New Delhi: In November 2022, Jane Kaushik was hired by Uma Devi Children's Academy in Mohammadi Khiri, Lakhimpur Kheri district of Uttar Pradesh to teach Social Science and English after a rigorous round of interviews and test sessions. However, within a week of joining, her services were allegedly terminated by the school for being open about her gender identity. The aftermath of this incident sparked a battle for inclusivity and transgender rights in education. Two months after she was fired, the school has now yielded to one of her conditions for creation of a safe gender space in school campus. The school is first in Uttar Pradesh and probably , the first among other Indian schools to introduce a transgender sensitization course.
The Mooknayak spoke to the determined teacher who narrated in details the disappointments she had faced after multiple refusals by private schools in Delhi to recruit her, body shaming before male teachers and the pain of unemployment despite being highly qualified.

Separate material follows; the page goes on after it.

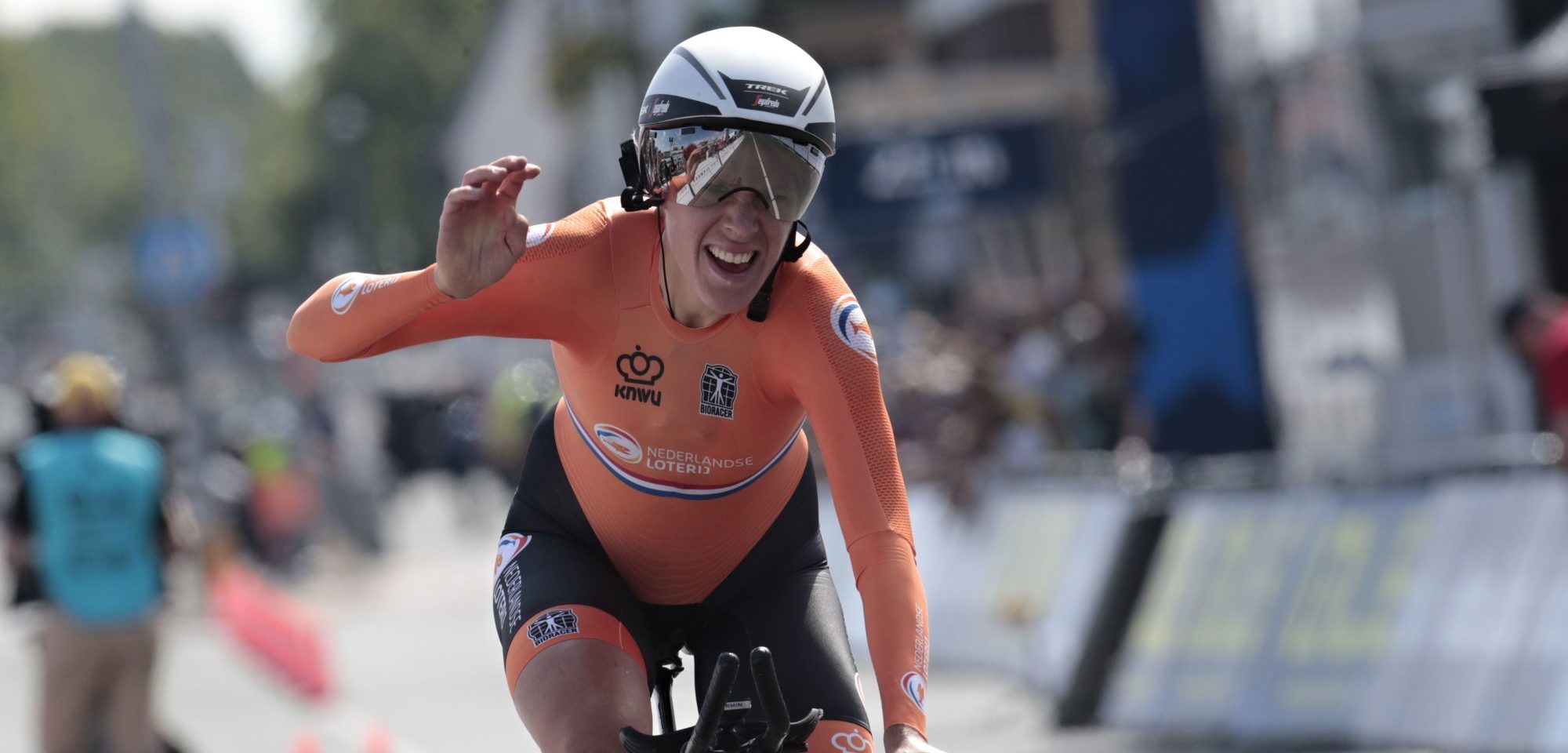 Het antwoord op die vraag blijkt uit het podium. Want er kwam gewoon weer pijn door hard te trappen. Oerend hard snelde ze door oneindig laagland, met een vierde achtereenvolgende Europese titel als passende beloning. Een veelzeggende tekst plaatste Van Dijk na afloop van de tijdrit op Instagram: “The harder the struggle, the sweeter the victory”.

" The school hired me on 22nd November last , with the only condition that I wouldn't reveal my salary. Later they asked me to keep my gender identity in wraps. However, we cannot hide our body. Though i behaved and lived like any female teacher in the campus, the students and staff happened to know about my gender and hence, the school forced me to resign within a week. I was assigned no reason or explanation. The Principal humiliated and body shamed me in her room in the presence of two male teachers which was a horrifying experience to recount. I kept begging , implored them not to fire me but they were adamant " Jane told Themooknayak in a choked voice.

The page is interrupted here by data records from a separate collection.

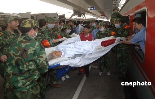 組圖:地震災區首趟運送傷員專列順利抵達重慶(4)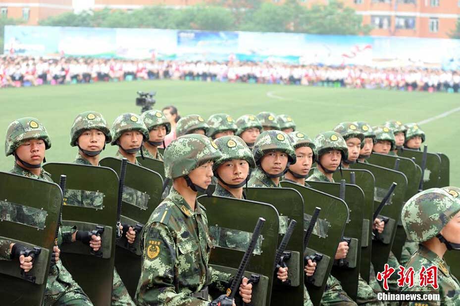 China's first college anti-terrorism and riot squad conducts a drill on the campus of Chengdu East Star Airlines Travel College on June 20, 2014. [Photo/chinanews.com]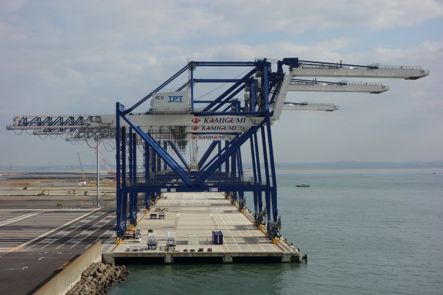 大型船の接舷が可能な水深15.5mの岸壁に、本船荷役用のガントリークレーン5基を備え、同時に最大3隻のコンテナ船荷役が可能です。さらに、2010年4月より、ターミナル東側に水深16mの岸壁と、世界最大級のガントリークレーン3基が新たに整備され、コンテナ船の超大型化にいち早く対応しています。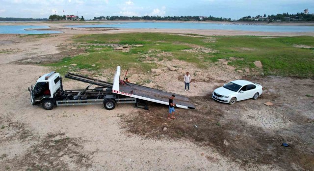 Bu sırada uyarılara rağmen otomobiliyle adaya gitmeye çalışan bir vatandaşın ise otomobili bataklığa saplandı. Otomobilini kendi imkanlarıyla çıkartamayan vatandaş çekici yardımıyla otomobilini bataklıktan kurtardı. O anlar ise saniye saniye görüntülendi.

Forced to vacate hostel immediately
What hurts Jane more is the inhuman and inconsiderate treatment she was administered by the institution. " They asked me to vacate the hostel immediately in odd hours when there was no train to get back home. I had to take a bus at 8 pm, which was occupied by all male passengers. I cannot explain the extreme fear and insecurity I experienced during the journey until a few women boarded the bus at the Shahjahanpur stop, "Jane said. The teacher kept asking for a written document on the termination of service, but the school didn't comply. Frustrated by the apathy, Jane spoke out against the harassment and abuse she faced from both teachers and students on campus. She filed an online complaint with the Delhi Commission for Women. Later, the National Commission for Women (NCW) intervened and ordered a local probe into the matter. However, the school sent Ms. Kaushik a defamation notice, accusing her of conspiring to tarnish the reputation of the institution."

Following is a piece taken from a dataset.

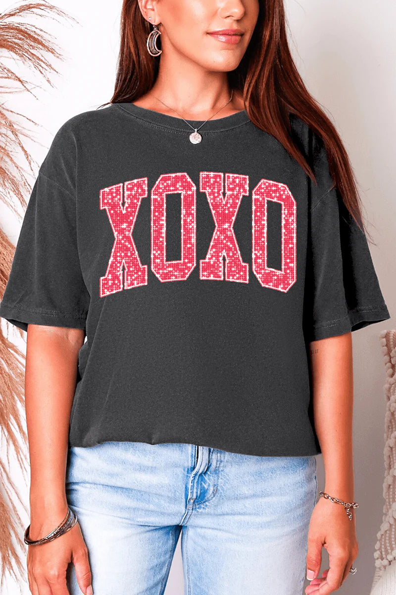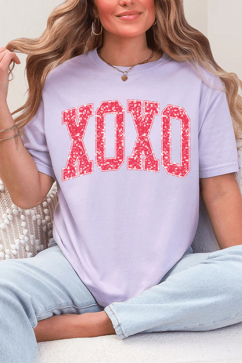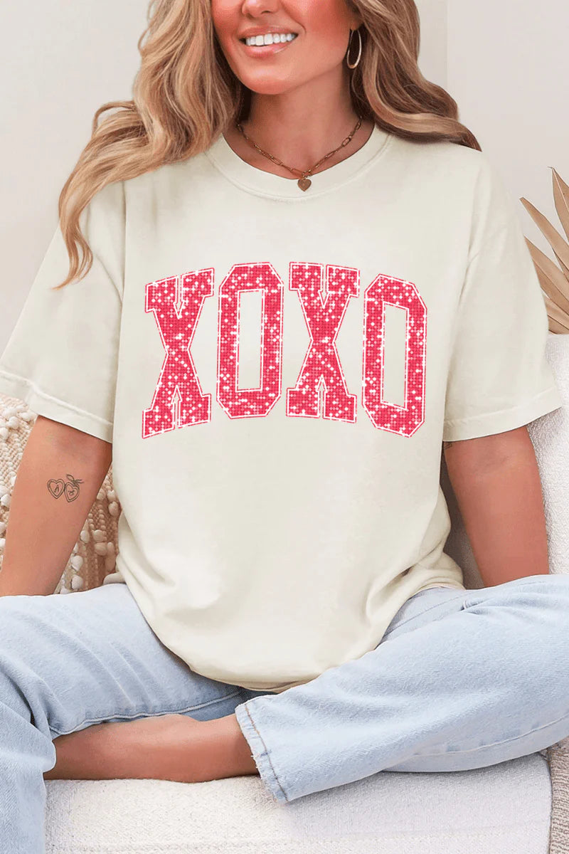 Bold, flirty, and effortlessly cozy—our Glitter XOXO Tee is the perfect statement piece for love season and beyond. Designed with standout pink glitter varsity-style XOXO lettering, this tee adds the right amount of sparkle while keeping things comfortable and casual.

Cite Inefficiency as reason for dismissal
Jane told The Mooknayak that during the investigation carried out by the district authorities, the school vigorously denied her accusations and asserted that it had dismissed her due to her supposed inadequacy. However, immense pressure from her online petition that garnered wide media coverage and support from trans activists' groups , the school softened it's attitude . Jane had put forwarded few demands including an apology from the school for her improper dismissal, asked her position back in the school and a sensitisation course in the campus to ensure safe space for transgender staff and students .
The school has not only withdrawn the defamation notice but also agreed to comply with Kaushik's requests, including the implementation of a transgender awareness program on campus and the creation of a mechanism for reporting discrimination.
" Although the school has not offered an apology , they have offered to give me back my job but only if I agreed to sit for another exam. I do not want to be made to dance to the school’s tunes after what they put me through but I agreed to help them build the course and set up the complaint mechanism,” Kaushik said. The teacher says , she needs the job badly and that is the only reason why she is considering to appear the test slated for March 20th.
Advocacy for transgenders' reservation
Jane has filed a petition at the Delhi High Court wherein she contends that all advertised vacancies for teaching staff for government schools are confined only to the binary male-and-female genders, thereby excluding transgender persons as a separate category. Discrimination in employment based on gender identity is prohibited under Sections 3(b) and (c) (prohibition against discrimination) and 9 (non-discrimination in employment) of the Transgender Protection Act as well as Rules 10(4), 11 and 12 of the Transgender Persons (Protection of Rights) Rules, 2020.
Jane asserts, "The Scheduled Caste and Scheduled Tribe communities have also faced oppression and harassment for years. Our government realized that their rights would only be protected through the means of reservation in jobs and education. Similarly, the non-gender conforming community is also in dire need of protection for their dignity and an equal opportunity for a respectable life."
The Transgender Protection Act, 2019
IN 2014, the National Legal Services Authority (NALSA) judgment of the Supreme Court of India gave legal recognition to the third gender. The court’s NALSA guidelines ordered the Union and state governments to ensure the progressive realisation of the civil and socio-economic rights of transgender persons. Five years after these guidelines were laid down, the Transgender Persons (Protection of Rights) Act, 2019 (Transgender Protection Act) came into force. However, time and again, it has been highlighted that there is little to no adherence to the law by states.